Think of the man who owned a ship,
and he got a customer
called Khidr,
and he told this customer, come on board
my ship. We'll go for we'll take you
for a spin.
And this guy Khidr came, and he sunk
the boat.
Musiba.
Another yet another Musiba.
Did he, this
ship owner, imagine one day, did he ever
imagine
that the sinking of his ship would save
his
ship? Because his ship would sink.
There is a king who was taking and
seizing people's
wealth and their ships and their vehicles, and
because that one had a hole, he would
just leave it. Did he ever imagine when
he got this nasty customer that actually this
nasty customer would actually save him later on?
Did the parents whose son was killed in
the story of Khidr al Musa alayhi, did
they ever imagine
that the death of their son would be
better for them than his life?
Did they ever imagine
How many a moseebah,
how many a difficulty, how often a calamity
comes to us, but instead inside it it's
hidden a reward, a blessing, a wisdom,
but we cannot
understand and grasp it at that very moment.
And
teaches us to be patient.
He teaches us to interpret events,
the difficult events, in the best possible way.
In hope, not in fear.
In having a good opinion of Allah.
That when we see something negative happening, something
bad happening, for us not to rush and
raise
and associate negative things with Allah. Look at
Yusuf alaihi salam. When he speaks about Allah,
look how much look at his manners when
he talks about Allah.
When he talks about something good, he attributed
to Allah.
He says, Allah took me out of prison.
And he says, Allah brought my parents out
to the desert, and Allah gave me all
of this wealth and kingdom.
But when he talks about something negative,
the the animosity,
the the hatred between him and his brothers,
who does he attribute it to?
Shaitan.
We know everything is done by Allah.
Shaitan is not separately doing things without Allah's
permission,
but it's from adab, from manners,
and from a correct understanding of Allah to
know Allah never intends pure evil.
There's no such thing.
Good and evil are subjective.
You might see from your eyes something evil,
but from someone else's eyes, it's something good.
From your eyes, you watch the FIFA World
Cup.

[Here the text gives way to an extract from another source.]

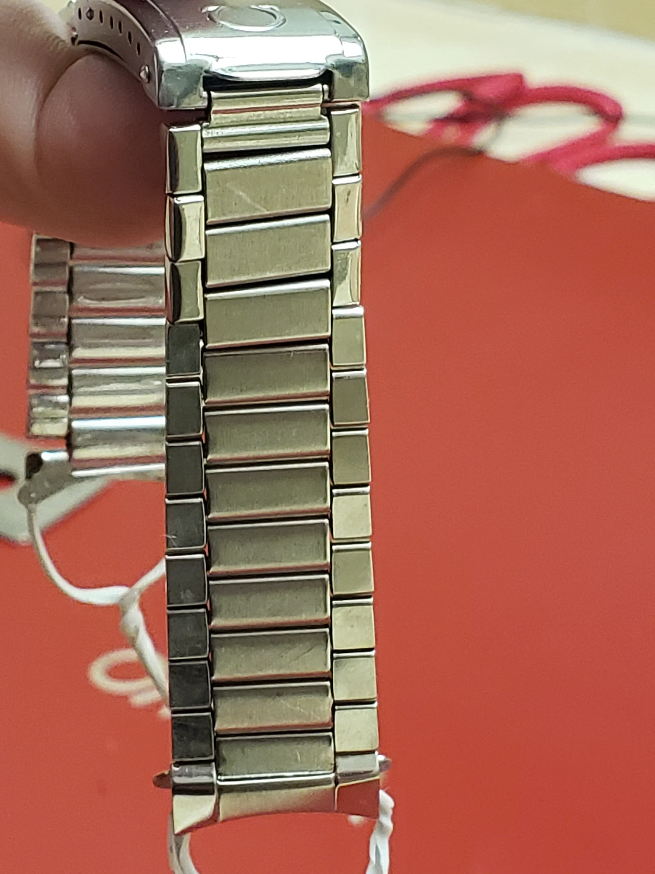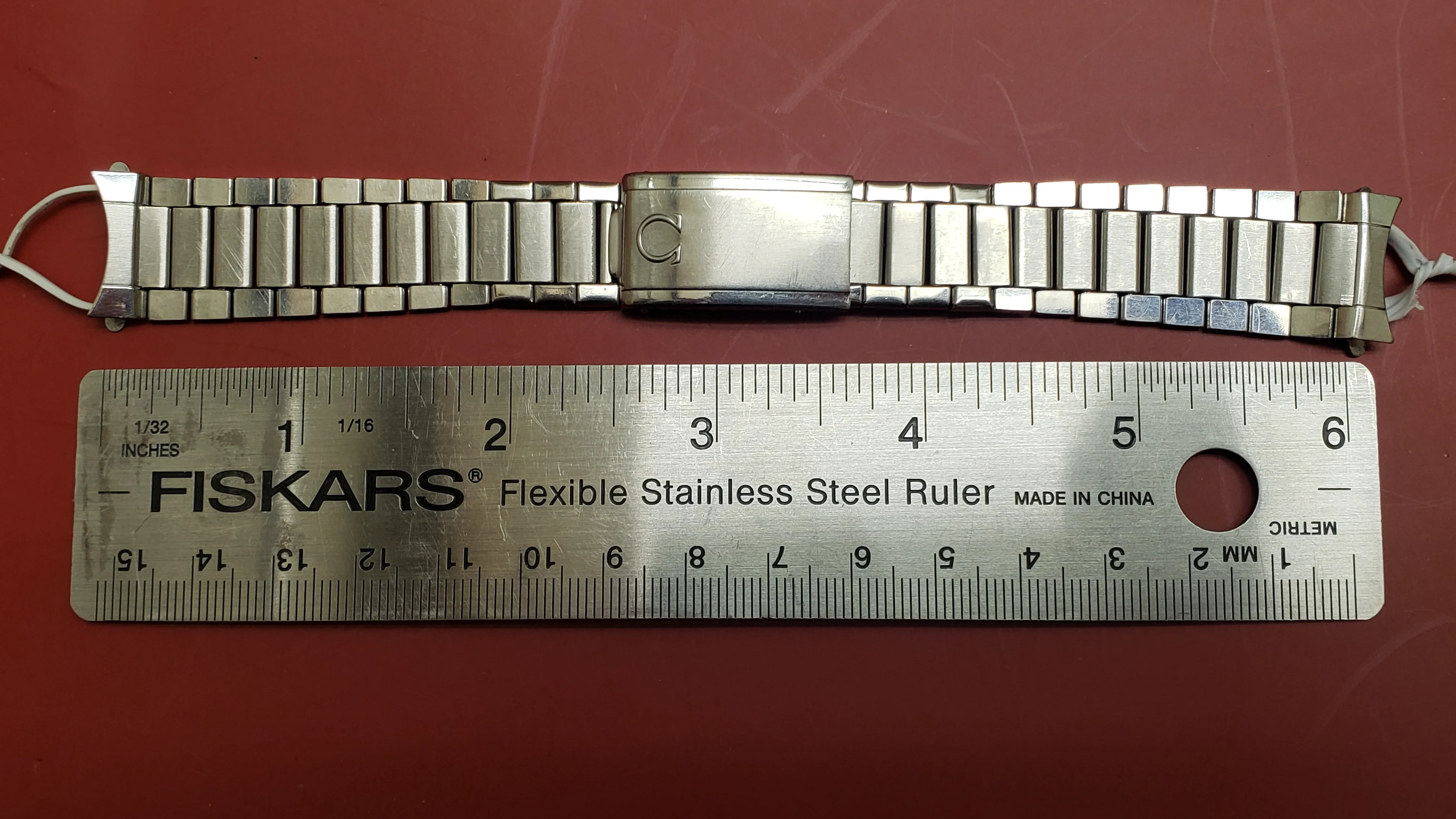 The bracelet is includes all 8 permanent links and a total of 7 spring/stretch links. and has a total length of 16mm/6.25" The date stamp on the clasp denotes 4th quarter of 1971. There is very little stretch in the links and the spring links work very well. The clasp snaps closed tightly. The terminal links are just sort of 18mm and paired with the included #630 end links will fit 18mm lugged Omega models such as Rancheros, Seamasters and the Speedmaster Reduced.

You thought, wow, masha'Allah.
So much fun for me to watch on
my television screen.
But maybe for
the 300 and something laborers that died building
the stadium, it was a moseebah. It was
an evil for them.
Nothing is purely good, and nothing is purely
evil. No event is purely good or purely
evil.
Everything has a good side, and everything has
a negative side, but Allah is the only
one who knows the true reality of these
events.
And this is why, Al Latif, knowing Allah's
name, Al Latif al Khabeer,
we internalize the meaning of.
We learn how to deal with difficulty. Your
parent died in COVID.
You went under debt, financial difficulty. You lost
your job in this economic recession. You lost
your house.
You didn't look up at the sky and
scream, why me, oh Allah? You know, one
time I went to a job interview,
and,
I was with somebody else.
This is a I'm just gonna give you
example.
What happens to us when we don't realize
Allah is Al Latif,
and that sometimes He gives us difficulty He
gives us a gift wrapped in a difficulty.
I went for a job interview,
and I was with somebody else.
And we were on the train together. We
reached the the place for the job interview.
And
he was walking behind me. I was walking
in front of him. And, you know, double
doors.
I went in the building, and the door
shut behind me. And he got stuck outside.
The doors were locked. They didn't open.
And he's standing,
and then it starts raining.
And he's he gets soaked. His suit gets
soaked,
and then he doesn't know what to do
now. And then the the receptionist comes and
opens the door, and he's standing there dripping
outside. All of his presentation notes, his laptop
is all soaked. The laptop's not turning on.
The notes are all ripped.
He's standing there. He's thinking,
why did this happen to me? And he
says says it to me,
why is God doing this to me?
Of course, this gentleman was not a Muslim,
so I couldn't tell him Allah is latifun
kabeer, my brother. I didn't know, does he
believe in Allah or not? I said I
said, I'm sure there is a there's always
a silver lining behind the cloud. He said,
I can't really see it at the moment.
I said, don't worry, my friend. Don't worry.
So what happened?
The interviewers didn't even interview him.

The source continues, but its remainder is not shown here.